- _Data records_

..............................

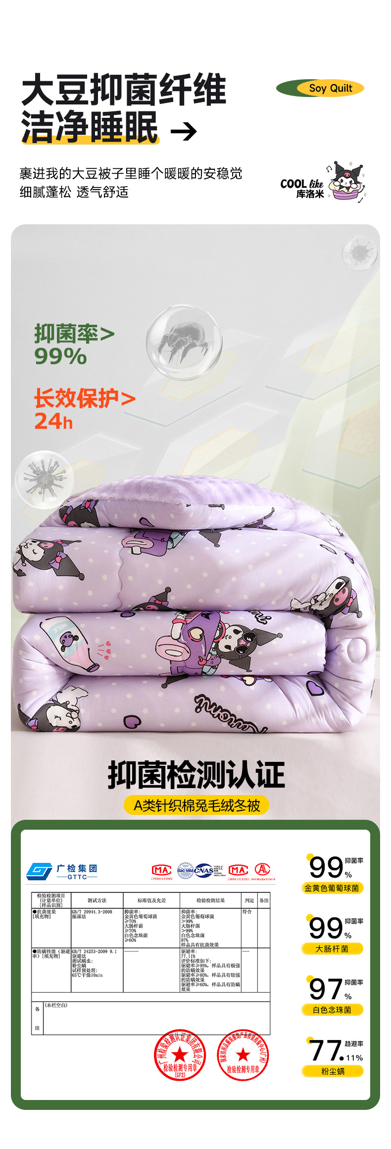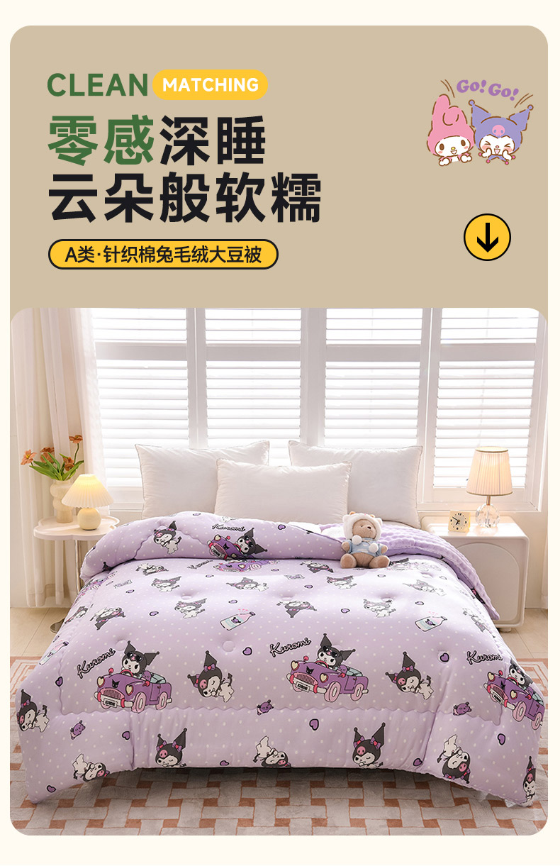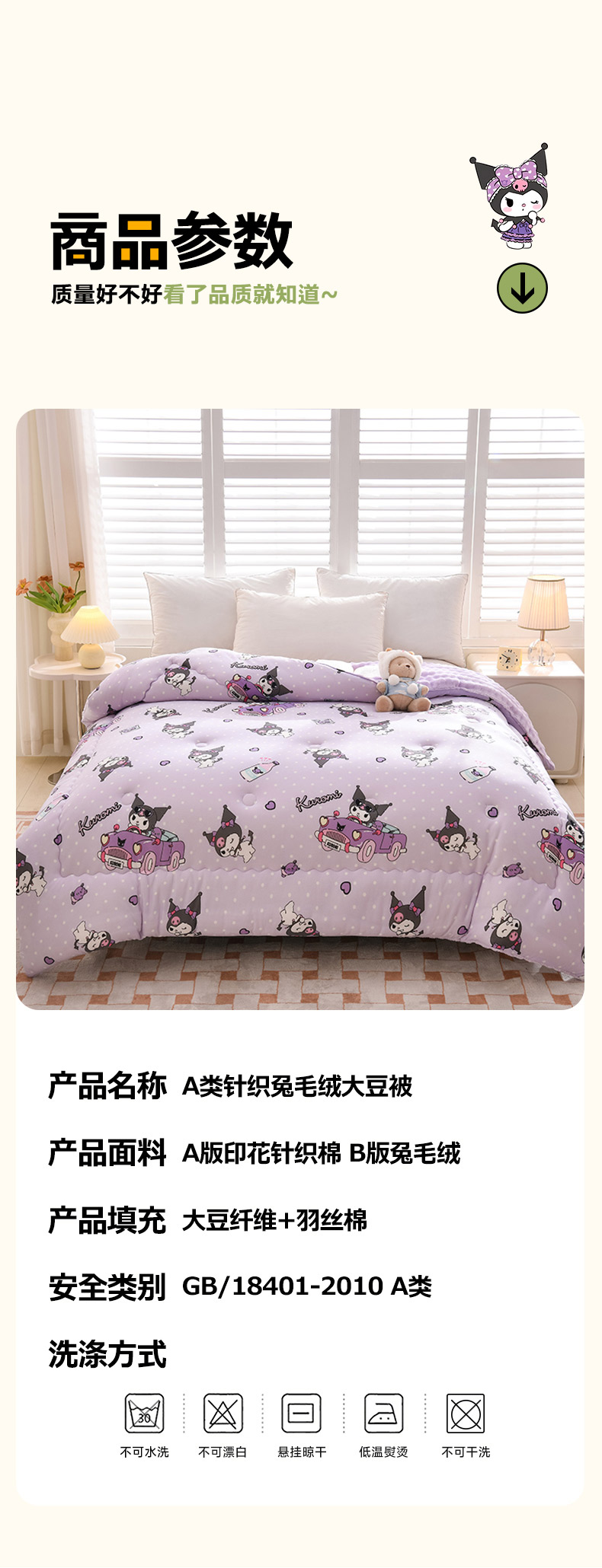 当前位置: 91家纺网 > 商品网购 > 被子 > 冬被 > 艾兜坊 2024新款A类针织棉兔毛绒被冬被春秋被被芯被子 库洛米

..............................

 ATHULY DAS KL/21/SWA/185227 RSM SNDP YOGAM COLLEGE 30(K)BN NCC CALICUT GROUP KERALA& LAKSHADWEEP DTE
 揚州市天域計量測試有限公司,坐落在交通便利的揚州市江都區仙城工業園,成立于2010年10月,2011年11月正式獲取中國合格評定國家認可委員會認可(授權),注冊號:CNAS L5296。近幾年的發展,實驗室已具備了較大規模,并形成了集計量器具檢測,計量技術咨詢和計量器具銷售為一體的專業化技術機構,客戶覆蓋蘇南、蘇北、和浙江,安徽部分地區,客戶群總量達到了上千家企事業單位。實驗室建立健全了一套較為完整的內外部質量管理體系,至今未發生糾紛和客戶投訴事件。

..............................

- _What the task asks_
Please copy, exactly as written, every line in the listing above from the line with "ATHULY DAS KL/21/SWA/185227" up to and including the line with "揚州市天域計量測試有限公司,坐落在交通便".

- _Response below_
 ATHULY DAS KL/21/SWA/185227 RSM SNDP YOGAM COLLEGE 30(K)BN NCC CALICUT GROUP KERALA& LAKSHADWEEP DTE
 揚州市天域計量測試有限公司,坐落在交通便利的揚州市江都區仙城工業園,成立于2010年10月,2011年11月正式獲取中國合格評定國家認可委員會認可(授權),注冊號:CNAS L5296。近幾年的發展,實驗室已具備了較大規模,并形成了集計量器具檢測,計量技術咨詢和計量器具銷售為一體的專業化技術機構,客戶覆蓋蘇南、蘇北、和浙江,安徽部分地區,客戶群總量達到了上千家企事業單位。實驗室建立健全了一套較為完整的內外部質量管理體系,至今未發生糾紛和客戶投訴事件。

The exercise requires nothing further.